Data Warehouses in Microsoft Fabric

Data Warehouses in Microsoft Fabric

Relational data warehouses have long been the central pillar of enterprise business intelligence (BI) solutions. While specific implementations might differ, a common pattern based on a denormalized, multidimensional schema has become the standard design for these data warehouses.

Microsoft Fabric’s Modern Data Warehouse

Microsoft Fabric’s data warehouse represents a contemporary evolution of the traditional data warehouse concept. It centralizes and organizes data from disparate departments, systems, and databases, consolidating them into a single, unified view for analysis and reporting. Fabric’s data warehouse offers full SQL semantics, empowering users to insert, update, and delete data within its tables.

What sets Fabric’s data warehouse apart is its foundation on the Lakehouse, which employs the Delta format and is readily queryable using SQL. This design caters to the needs of the entire data team, not just data engineers.

Overcoming Traditional Challenges

Traditional data warehouses often encounter challenges like:

  • Data Silos: Data scattered across various systems, hindering a holistic view.
  • Complex ETL Processes: Time-consuming and error-prone data extraction, transformation, and loading.
  • Limited Collaboration: Difficulty for different teams to work together on the data warehouse.
  • Performance Bottlenecks: Query performance issues, especially with large datasets.

Fabric’s data warehouse experience directly addresses these hurdles. It fosters collaboration among data engineers, analysts, and data scientists, enabling them to create and query a data warehouse tailored to their specific needs.


The Modern Data Warehouse Process

Building a modern data warehouse typically involves the following stages:

  1. Data Ingestion: Moving data from source systems into the data warehouse.
  2. Data Storage: Storing the data in a format optimized for analytics.
  3. Data Processing: Transforming the data into a format ready for consumption by analytical tools.
  4. Data Analysis and Delivery: Analyzing the data to extract insights and presenting those insights to the business.

Microsoft Fabric empowers data engineers and analysts to accomplish all these stages within a single tool, offering both low-code and traditional experiences.

Fabric’s Data Warehouse Experience

Fabric’s data warehouse is a relational data warehouse that supports the complete range of transactional T-SQL capabilities you’d expect from an enterprise-grade solution. It’s fully managed, scalable, and highly available, designed to store and query data within the Lakehouse. You have full control over creating tables, loading, transforming, and querying data using either the Fabric portal or T-SQL commands. This flexibility allows you to use SQL for data analysis or leverage Spark for data processing and machine learning model creation.

Furthermore, Fabric’s data warehouse fosters collaboration between data engineers and data analysts by providing a shared workspace.
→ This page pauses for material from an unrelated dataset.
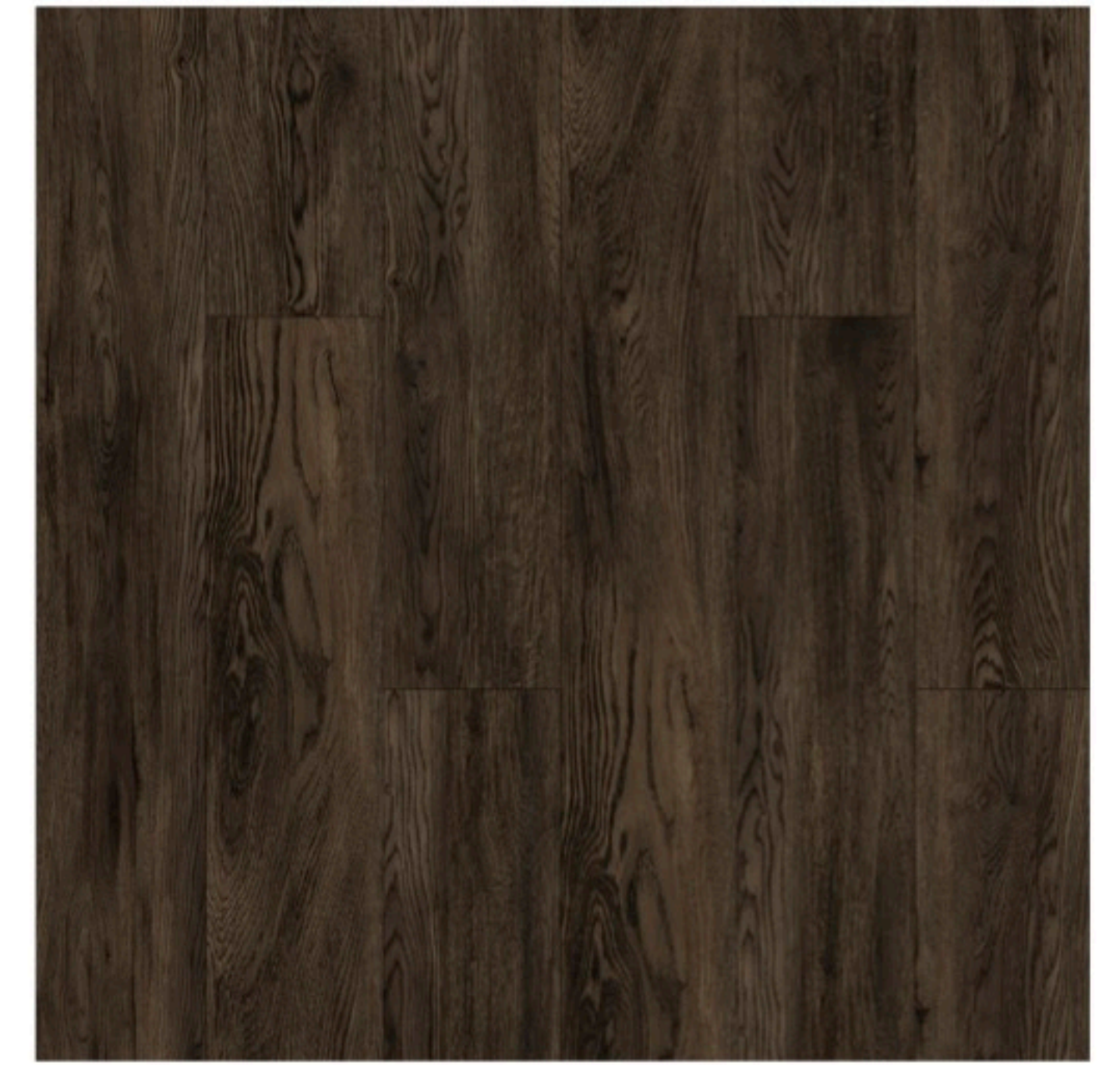
FN 12 CANYON

Data engineers can construct a relational layer on top of the Lakehouse data, while analysts can seamlessly explore and analyze this data using T-SQL and Power BI.

Designing a Data Warehouse

Like any relational database, Fabric’s data warehouse relies on tables to store data for future analysis. Typically, these tables are organized using a schema optimized for multidimensional modeling. In this approach, numerical data associated with events (e.g., sales orders) is grouped based on various attributes (e.g., date, customer, store). This structure allows for analyzing metrics like the total amount paid for sales orders on a specific date or at a particular store.
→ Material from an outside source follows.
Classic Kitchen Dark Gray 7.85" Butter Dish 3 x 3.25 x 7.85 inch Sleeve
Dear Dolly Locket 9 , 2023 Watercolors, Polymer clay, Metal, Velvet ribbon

Tables in a Data Warehouse

Tables in a data warehouse are strategically structured to support efficient and effective analysis of large datasets. This organization, often called dimensional modeling, involves categorizing tables into fact tables and dimension tables.
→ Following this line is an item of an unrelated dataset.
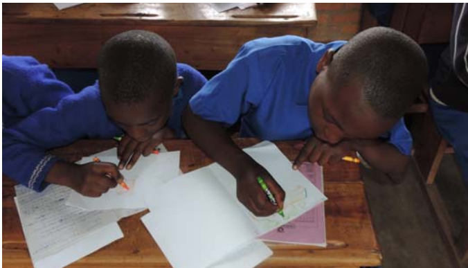
Kabwende Primary School students working on their illustrations for The World Is Our Home, Volume 9 .

  • Fact Tables: These tables store the numerical data you aim to analyze. They usually contain a large number of rows and serve as the primary data source for analysis. An example would be a fact table holding the total amount paid for sales orders, categorized by date or store.
  • Dimension Tables: These tables provide descriptive context for the data in fact tables. They typically have fewer rows and enrich the fact table data with additional information. For instance, a dimension table might contain details about customers who placed sales orders.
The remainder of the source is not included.